▸ Activity: No pictures belong in the copy. Retype exactly, and only, the stretch of lines below from the one with "光沢のあるシルバーカラーの灯" through the one with "TÊNIS QIX SKATE".

▸ Data segment:
· · · · ·

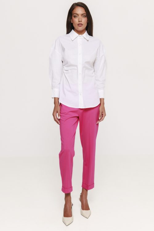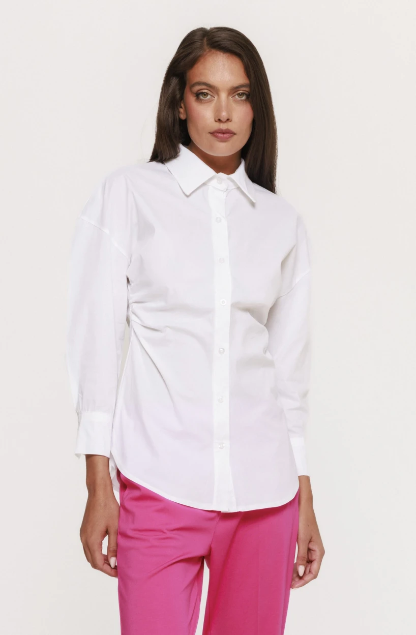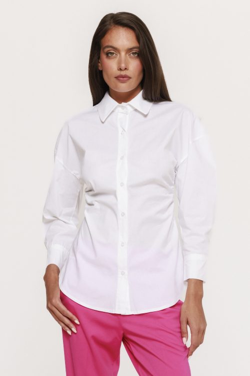 Materialul din care este realizată cămașa cu fronseu lateral Doroty este ales cu grijă pentru a asigura atât confortul, cât și un aspect impecabil pe parcursul întregii zile. Textura este plăcută la atingere, ușor de purtat și permite pielii să respire. În același timp, materialul își păstrează forma, ceea ce înseamnă că fronseul rămâne bine definit chiar și după mai multe purtări sau spălări.
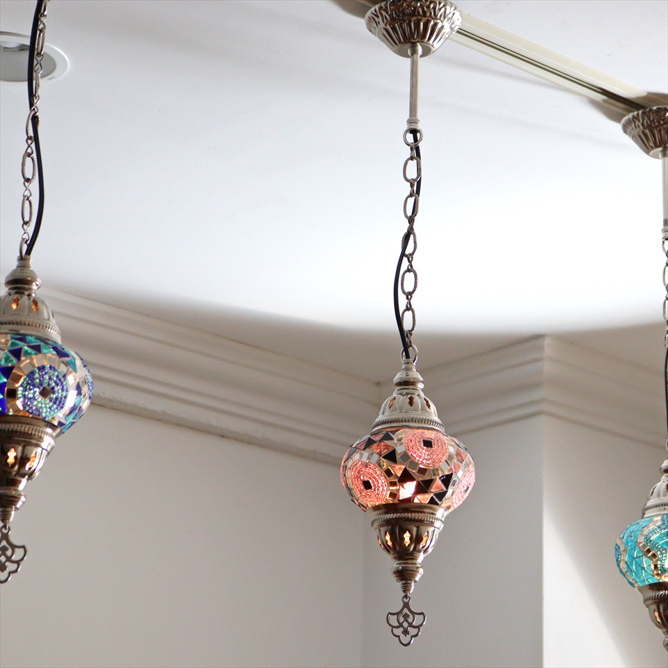 光沢のあるシルバーカラーの灯具と、トルコで手作りされたモザイクガラス球が使われたモザイクペンダントランプです。
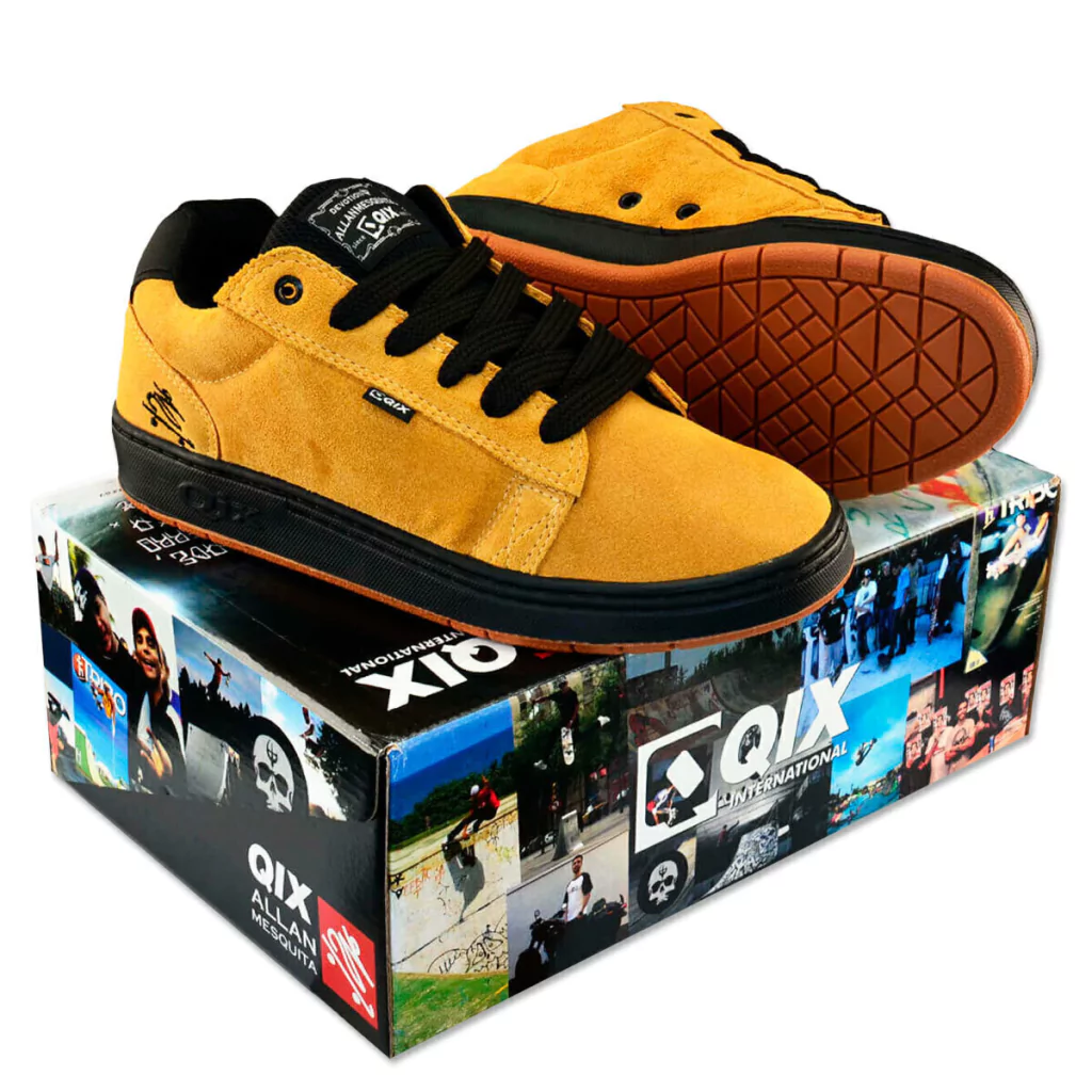 TÊNIS QIX SKATE CHORÃO PRO MODEL ALLAN MESQUITA SUEDE MOSTARDA E PRETO
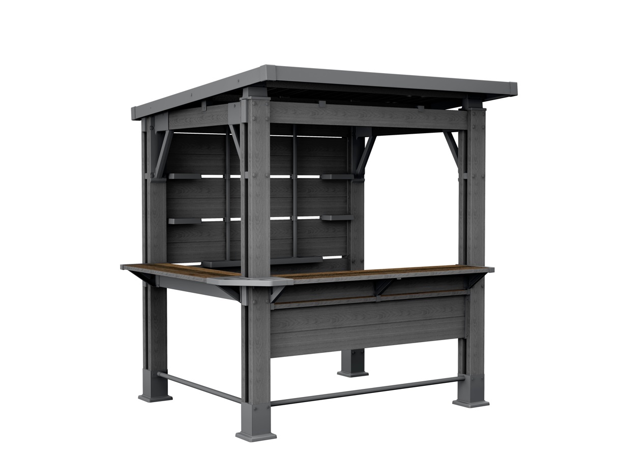 Záhradný bar je vyrobený z kvalitných recyklovaných materiálov, ktoré predstavujú ekologickú alternatívu k tradičným dreveným stavbám bez potreby odlesňovania či nadmernej ťažby prírodných zdrojov. Materiály sú odolné voči vlhkosti, dažďu, slnečnému žiareniu aj bežnému znečisteniu, vďaka čomu si zachovávajú svoj vzhľad a pevnosť dlhodobo. Konštrukcia je navrhnutá tak, aby poskytovala dlhodobú spoľahlivosť bez potreby pravidelnej každoročnej údržby či opráv. Montáž je jednoduchá a zvládnete ju približne za niekoľko hodín s pomocou dvoch osôb.

· · · · ·

▸ Answer area:
 光沢のあるシルバーカラーの灯具と、トルコで手作りされたモザイクガラス球が使われたモザイクペンダントランプです。
 TÊNIS QIX SKATE CHORÃO PRO MODEL ALLAN MESQUITA SUEDE MOSTARDA E PRETO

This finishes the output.